Read the Introduction
It has been a while since I first wrote on this subject, but as promised, I am finally back to it again, and here is the next post in my series on “integralism.” Even long before the present crises, there was a growing tendency in Western Christendom back to the Renaissance, Ockham, and the general substitution of Aristotle for Plato, of taking an extremely analytic view of reality. Here, instead of approaching things as unified wholes with respect for their ultimate mystery, they were broken down into their parts reduced to what we can understand.

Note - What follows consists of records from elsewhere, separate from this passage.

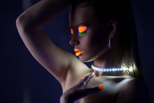 Empty scene background, abstract background with multicolored bokeh and neon lights. Silhouettes of tropical leaves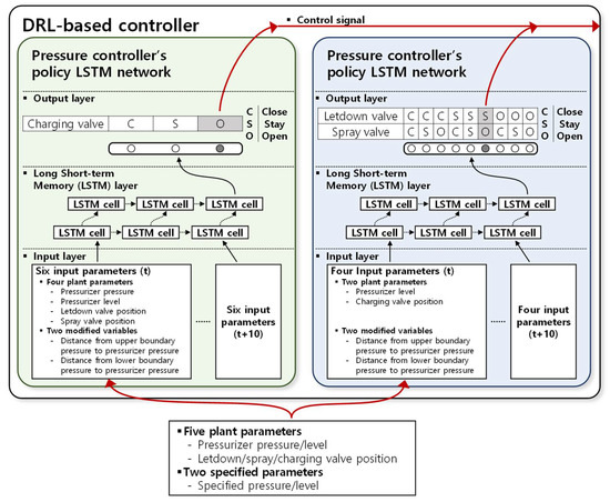 As shown in Figure 9, the proposed DRL controller includes two policy networks composed of LSTM networks to manage the pressurizer pressure and level. The DRL controller used five plant parameters and two specified pressures and levels. The plant parameters consisted of three component states (letdown/charging/spray valve positions) and two pressurizer states (pressure and level). The pressure policy network uses four plant parameters (pressurizer pressure, pressurizer level, letdown valve position, and spray valve position) and two modified variables that include the distance from the pressure boundary. The level-policy network uses two plant parameters (pressurizer level and charging valve position) and two distance values from the specified level.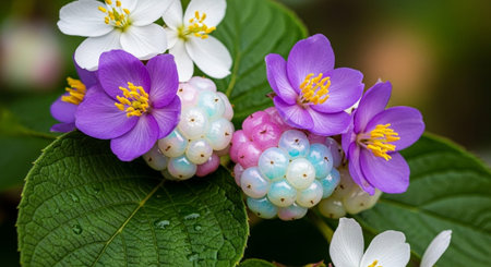 Delicate flower blossom amidst green foliage - nature's beauty on display.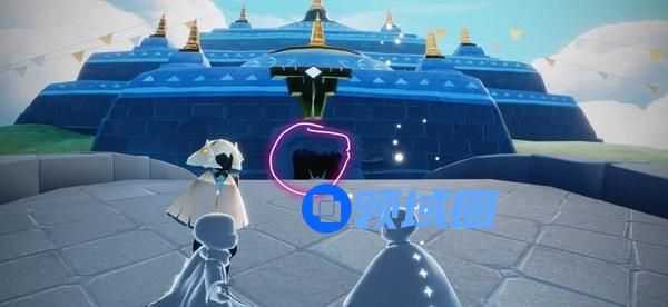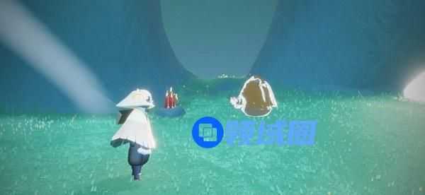 7、第七个擦汗先祖,拿完以后原路返回到图二,往最右侧的山洞飞,这里需要两个人用蝴蝶动作开门,打开双人门以后进入这个图,等齐八个人。

While this approach was helpful for the progress of mathematics, the physical sciences, and technological innovation, it became problematic when applied to theology, generating decadent rationalistic “scholasticism” (not to be confused with earlier Medieval systems) and the Protestant heresies that reacted against even while they remained trapped in the same hair-splitting and legalistic spirit. The history of the Western world since the end of the Middle Ages has largely been a drive for ever-increasing divisions: between philosophy and theology, faith and reason, religion and science, and, most relevantly, Church and State.
In contrast, Eastern Christendom, though not unaffected by this revolution, has preserved to a much greater extent the quality of wholeness and unity which characterized the ancient Church and her civil order during the first millennium. The lands of the Eastern Roman Empire never experienced the loss of ancient culture in the same way as the new nations of Western Europe did; thus, they never underwent the turmoil of having it reintroduced as happened in the West, and the Slavic territories never had a high pagan antiquity to look back upon – before Byzantine Christian civilization was established, only barbarism existed.